The other central question as the trial began was whether jurors would be so overwhelmed by the horror of the acts that they wouldn't be willing to listen to the dense but important medical testimony that was at the heart of the defense case. The two strategies going into the trial were apparent during opening statements when prosecutors talked fire and brimstone and the defense talked medicine and diagnoses. The only chance the Yates team had of overcoming the transparency of her confession was to educate jurors about mental illness and why it would make someone say something they didn't exactly mean.

But the jury wasn't interested in learning a lesson from a bunch of doctors and lawyers, especially once jurors saw those little dead bodies, on video and in still photos. And they certainly weren't willing to take the long and winding road the defense experts had asked them to take, from schizophrenia to postpartum depression to psychosis to severe psychosis to killing your children because you thought it was right to do so because they would go to heaven and not go to hell.

So while the defense was forced to play the hand it was dealt, Yates' attorneys also lost the battle of emotion in this case. Even though the crime itself here was completely insane, and even though every single juror was absolutely inundated with conclusions about the severity of Yates' illness, no one on that panel was willing to give her the benefit of the doubt.

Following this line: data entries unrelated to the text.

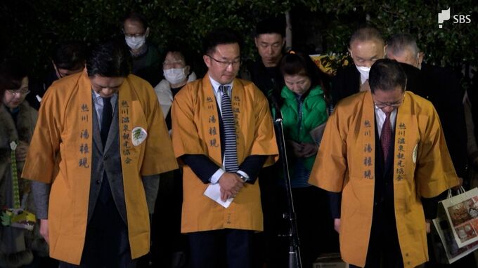 4月3日には台湾東部沖地震が発生。甚大な被害が発生していることを受け、点灯式の冒頭では、参加者が黙とうを捧げました。東伊豆町の岩井茂樹町長があいさつに立ち「この度の地震で、命を失われた方々へ哀悼の意と、そして、被害に遭われた皆様方へ心からお見舞いを申し上げ、また、一日も早い復旧と復興を心から祈念申し上げます」と話しました。
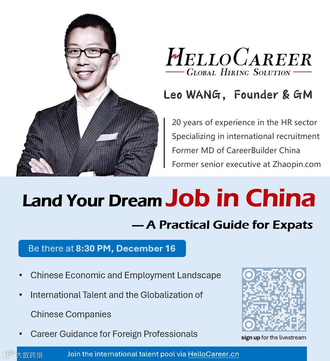 At HelloCareer, Leo leads a team dedicated to connecting global talent with opportunities at Chinese companies going abroad and foreign enterprises in China—helping build bridges in today’s globalized workforce.
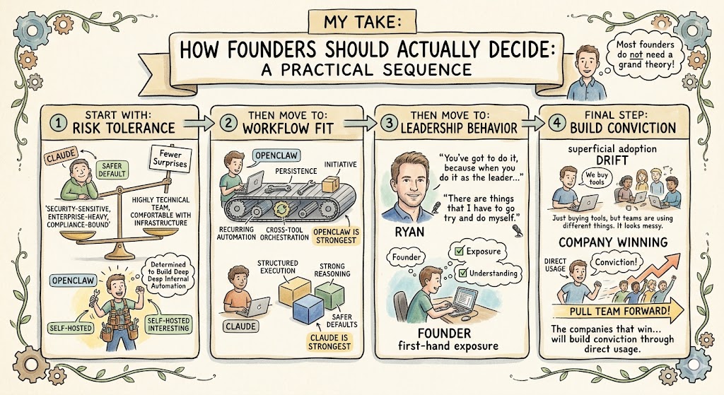 Yes, founders want to know whether OpenClaw is better than Claude Dispatch, Claude Cowork, or Claude Code. That matters. The deployment model matters. The security model matters. The speed of setup matters. But the real issue is not tool selection in isolation. The real issue is whether your company is moving fast enough to redesign its workflows around what these systems can now do. As Ryan put it on the call, “We all have to reinvent our business in the next 12 months if we want to keep going.”
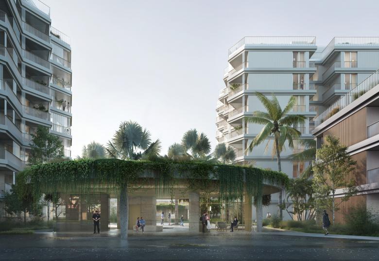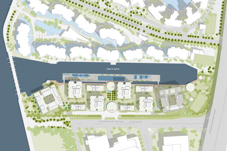 The residential development “The Reef” at Singapore’s Keppel Bay proposes an urban village with 429 apartments in 10 buildings of different types. In close proximity to downtown and within walking distance to Harbour Front and Vivo City, the development benefits from the remarkable position at King’s Dock, offering exceptional views, an abundance of green spaces, and unique floating swimming pools. The ancient shipping dry-dock is part of Singapore’s listed heritage, forming a transition from Keppel Bay’s residential developments to the Harbour Front area.

We'll probably never know if the jury already was leaning toward life before prosecutors told them in closing arguments that it wasn't a bad idea. We'll probably never know if Tuesday's quick guilty verdict was the product of a jury room deal in which the question of Yates' ultimate sentence also was resolved at the time.

We'll never really know why the state suddenly turned on the brakes and stopped calling Yates an "evil doer" and started calling her the subject of "unique circumstances." Was it a purely legal, based upon the notion that prosecutors themselves couldn't argue with a straight face that Yates met the legal standards for the death penalty? Or was it a political decision as well, coming from head honchos in Harris County who no longer want their home turf to have a reputation for being the most condemnable place in America.

Whatever the case, this trial ended up being dominated from start to finish by the state's version of Andrea Yates' reality last June 20 and by the images of the dead children and the scene of their destruction.

I'll never look at a bathtub the same way again and neither, I bet, will any of the jurors. That's why they tuned out Andrea Yates' lawyers and doctors and experts. That's why a woman who everybody agrees was severely, medically ill, even psychotic, when she killed likely will spend the rest of her days in a jail instead of a hospital.